• **ABOUT THIS TASK**:
Using the data below, restate exactly every line from the one with "There is a large" up to and including the one with "11月13日晚,北京大学威廉". No picture belongs in it.

** INPUT DATA follows **

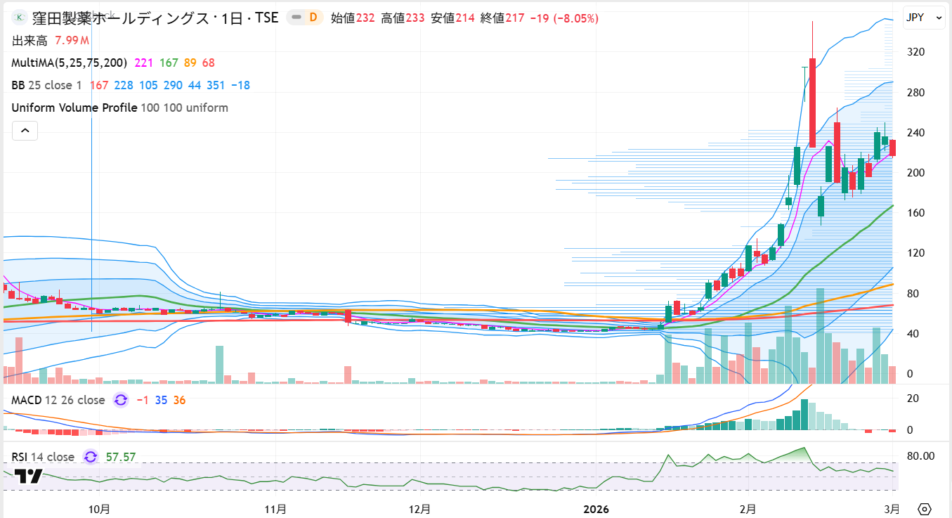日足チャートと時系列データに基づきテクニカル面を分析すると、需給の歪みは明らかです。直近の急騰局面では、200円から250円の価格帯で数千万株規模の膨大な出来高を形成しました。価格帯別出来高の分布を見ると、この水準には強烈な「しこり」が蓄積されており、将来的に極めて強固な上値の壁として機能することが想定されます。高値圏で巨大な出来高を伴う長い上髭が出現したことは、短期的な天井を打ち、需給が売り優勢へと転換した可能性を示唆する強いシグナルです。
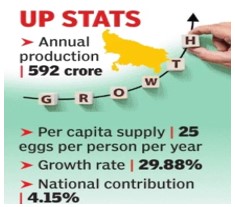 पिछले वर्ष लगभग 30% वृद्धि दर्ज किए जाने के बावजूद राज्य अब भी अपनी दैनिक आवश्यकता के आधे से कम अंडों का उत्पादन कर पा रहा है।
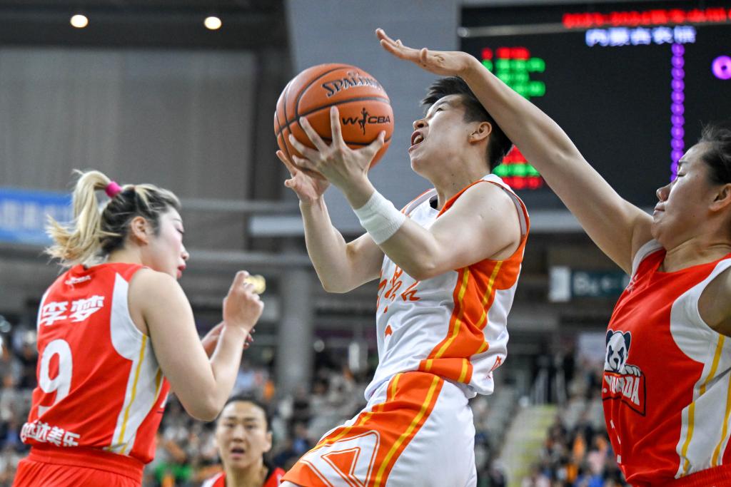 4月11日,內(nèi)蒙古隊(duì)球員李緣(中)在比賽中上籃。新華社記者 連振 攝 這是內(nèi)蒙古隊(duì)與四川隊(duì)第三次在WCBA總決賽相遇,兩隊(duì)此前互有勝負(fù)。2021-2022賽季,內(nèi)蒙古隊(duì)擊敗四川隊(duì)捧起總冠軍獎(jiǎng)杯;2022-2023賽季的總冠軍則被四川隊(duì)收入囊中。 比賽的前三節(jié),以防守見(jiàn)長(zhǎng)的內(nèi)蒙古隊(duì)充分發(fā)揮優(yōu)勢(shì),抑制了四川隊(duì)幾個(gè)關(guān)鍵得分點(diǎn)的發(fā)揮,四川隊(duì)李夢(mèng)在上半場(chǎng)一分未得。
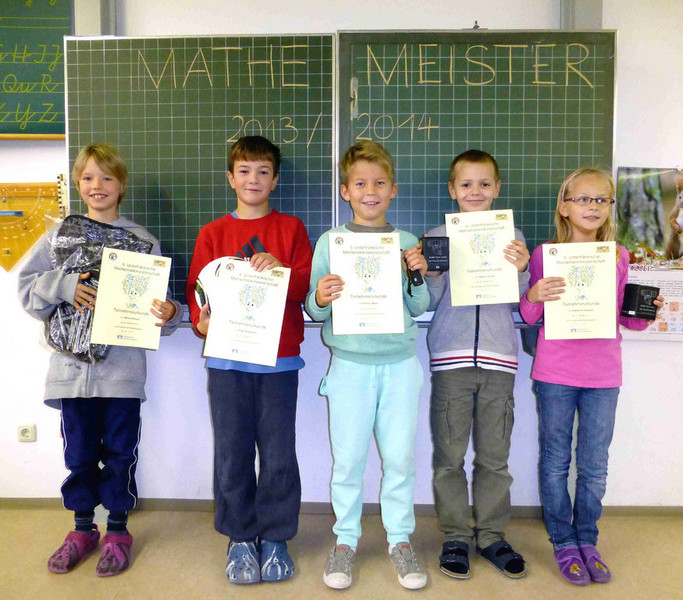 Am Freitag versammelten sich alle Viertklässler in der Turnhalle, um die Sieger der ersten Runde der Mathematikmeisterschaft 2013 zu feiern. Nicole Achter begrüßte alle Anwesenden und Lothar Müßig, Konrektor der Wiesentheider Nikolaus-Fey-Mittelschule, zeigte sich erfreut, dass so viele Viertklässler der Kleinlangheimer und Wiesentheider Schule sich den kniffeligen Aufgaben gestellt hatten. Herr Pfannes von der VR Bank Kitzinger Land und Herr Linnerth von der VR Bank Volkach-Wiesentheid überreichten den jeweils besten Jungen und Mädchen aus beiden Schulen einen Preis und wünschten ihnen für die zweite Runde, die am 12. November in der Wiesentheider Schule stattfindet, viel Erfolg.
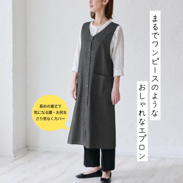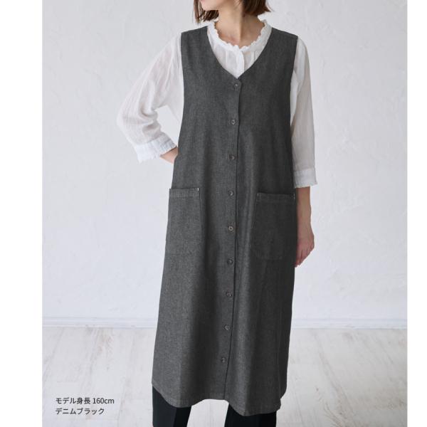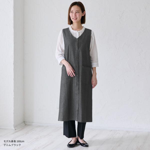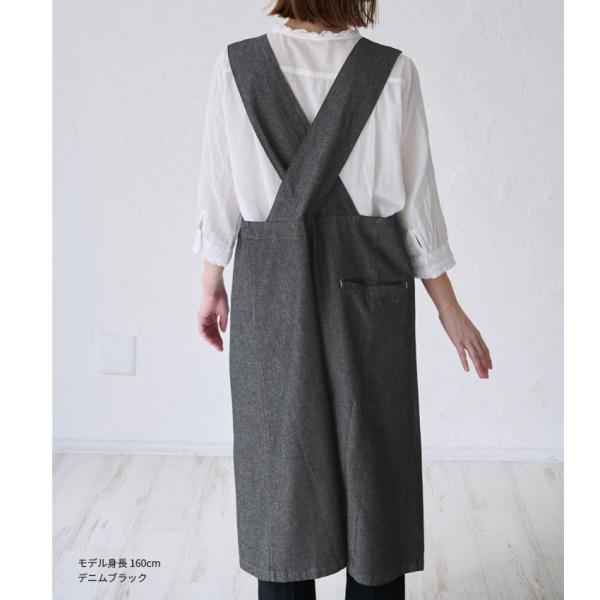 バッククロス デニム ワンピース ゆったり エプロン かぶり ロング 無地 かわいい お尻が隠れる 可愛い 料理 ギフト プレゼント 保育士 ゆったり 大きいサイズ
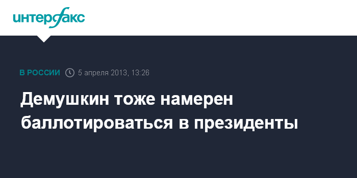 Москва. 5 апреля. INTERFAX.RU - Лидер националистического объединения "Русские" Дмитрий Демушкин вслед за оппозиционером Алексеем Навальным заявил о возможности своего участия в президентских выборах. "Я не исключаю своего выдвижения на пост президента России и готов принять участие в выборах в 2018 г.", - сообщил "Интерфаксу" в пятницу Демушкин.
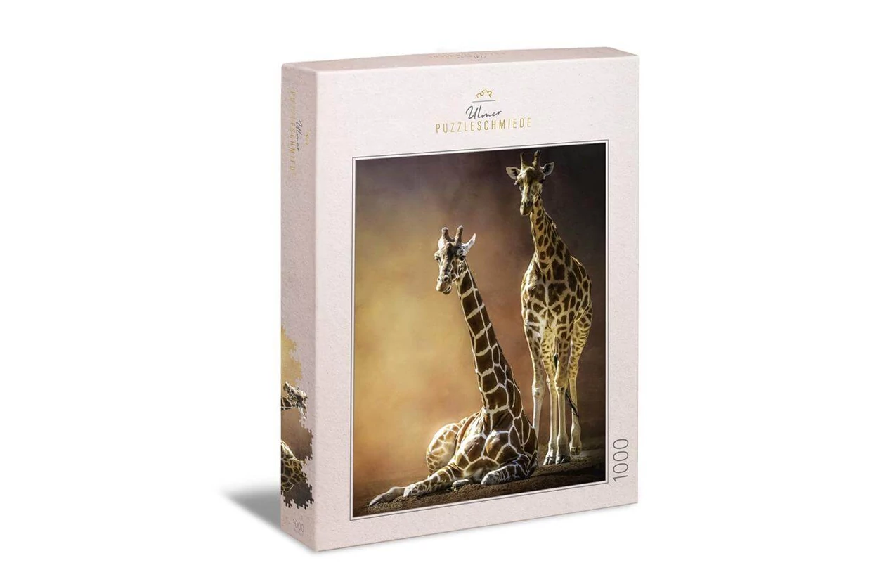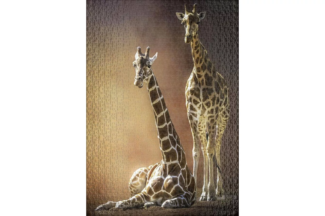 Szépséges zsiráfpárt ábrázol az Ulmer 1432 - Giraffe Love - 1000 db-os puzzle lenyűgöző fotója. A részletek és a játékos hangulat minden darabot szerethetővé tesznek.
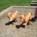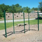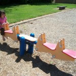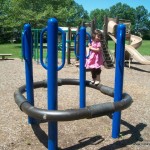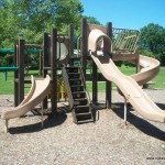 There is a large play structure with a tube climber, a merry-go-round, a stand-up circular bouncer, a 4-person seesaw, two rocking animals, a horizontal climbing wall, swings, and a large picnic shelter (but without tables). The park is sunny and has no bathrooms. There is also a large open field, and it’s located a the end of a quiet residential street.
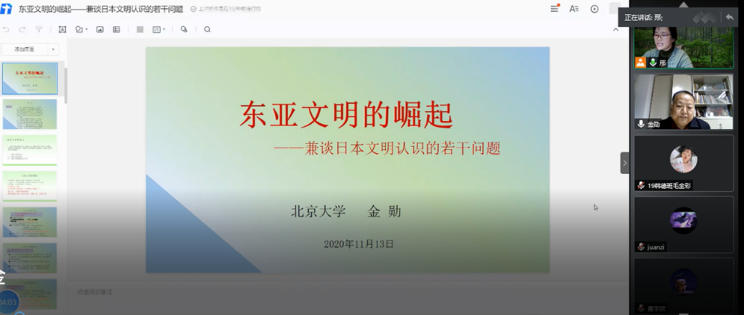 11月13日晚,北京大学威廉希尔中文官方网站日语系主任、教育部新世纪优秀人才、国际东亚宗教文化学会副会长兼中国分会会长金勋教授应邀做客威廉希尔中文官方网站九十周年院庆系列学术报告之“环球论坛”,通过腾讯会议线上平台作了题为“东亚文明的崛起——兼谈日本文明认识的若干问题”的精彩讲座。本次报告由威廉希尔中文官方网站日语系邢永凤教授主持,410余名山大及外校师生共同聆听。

** End of INPUT DATA **
** INPUT DATA follows **

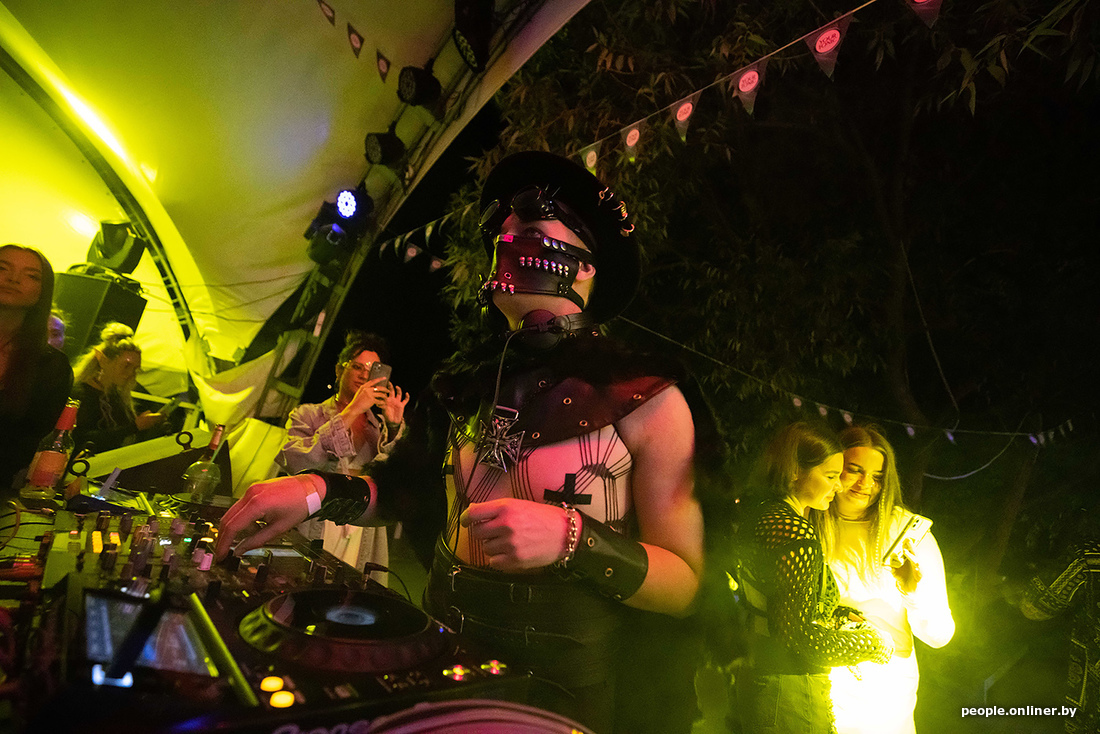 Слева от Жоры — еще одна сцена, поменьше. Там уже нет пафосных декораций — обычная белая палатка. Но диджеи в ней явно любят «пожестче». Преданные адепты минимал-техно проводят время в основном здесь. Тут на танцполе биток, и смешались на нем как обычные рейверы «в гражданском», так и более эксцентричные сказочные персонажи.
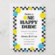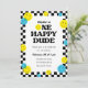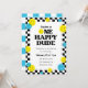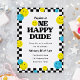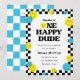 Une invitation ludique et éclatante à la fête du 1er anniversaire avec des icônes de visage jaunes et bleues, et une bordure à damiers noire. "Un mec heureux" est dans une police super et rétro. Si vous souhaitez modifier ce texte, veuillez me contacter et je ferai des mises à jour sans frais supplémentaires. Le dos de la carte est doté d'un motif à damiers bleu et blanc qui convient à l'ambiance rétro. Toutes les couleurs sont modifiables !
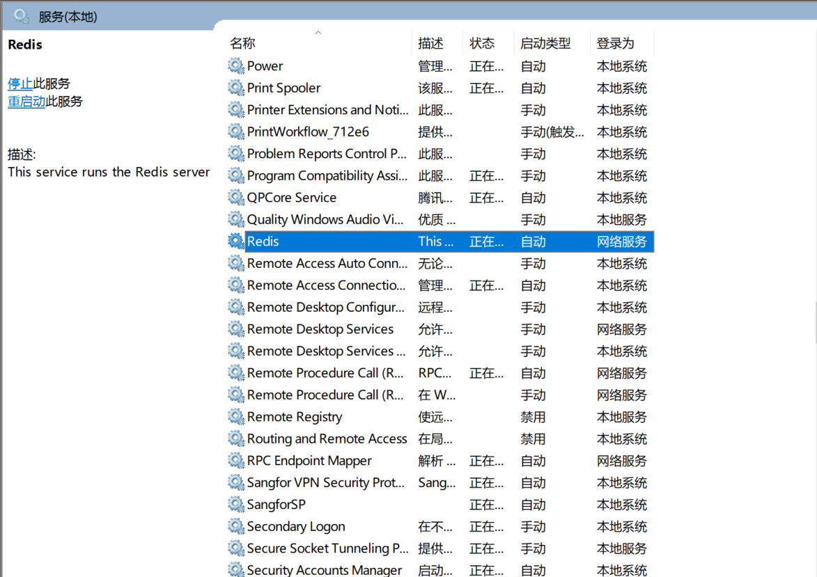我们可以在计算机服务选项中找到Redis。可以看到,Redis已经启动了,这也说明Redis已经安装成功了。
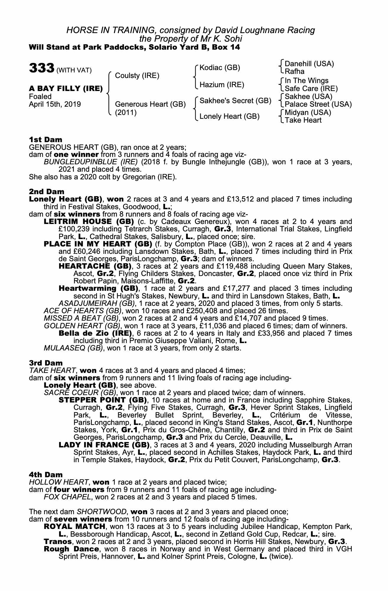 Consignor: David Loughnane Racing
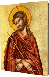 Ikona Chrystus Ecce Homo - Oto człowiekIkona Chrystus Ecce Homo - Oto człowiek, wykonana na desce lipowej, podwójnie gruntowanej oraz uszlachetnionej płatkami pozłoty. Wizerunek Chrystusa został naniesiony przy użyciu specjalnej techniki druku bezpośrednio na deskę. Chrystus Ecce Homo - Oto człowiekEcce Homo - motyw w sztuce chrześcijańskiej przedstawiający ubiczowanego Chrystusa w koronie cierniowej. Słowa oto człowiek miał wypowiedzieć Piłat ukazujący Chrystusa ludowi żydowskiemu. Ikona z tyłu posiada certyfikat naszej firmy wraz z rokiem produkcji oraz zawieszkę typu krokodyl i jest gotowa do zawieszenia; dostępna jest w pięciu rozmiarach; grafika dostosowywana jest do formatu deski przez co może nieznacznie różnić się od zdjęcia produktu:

** End of INPUT DATA **

• **OUTPUT OF THE TASK**:
 There is a large play structure with a tube climber, a merry-go-round, a stand-up circular bouncer, a 4-person seesaw, two rocking animals, a horizontal climbing wall, swings, and a large picnic shelter (but without tables). The park is sunny and has no bathrooms. There is also a large open field, and it’s located a the end of a quiet residential street.
 11月13日晚,北京大学威廉希尔中文官方网站日语系主任、教育部新世纪优秀人才、国际东亚宗教文化学会副会长兼中国分会会长金勋教授应邀做客威廉希尔中文官方网站九十周年院庆系列学术报告之“环球论坛”,通过腾讯会议线上平台作了题为“东亚文明的崛起——兼谈日本文明认识的若干问题”的精彩讲座。本次报告由威廉希尔中文官方网站日语系邢永凤教授主持,410余名山大及外校师生共同聆听。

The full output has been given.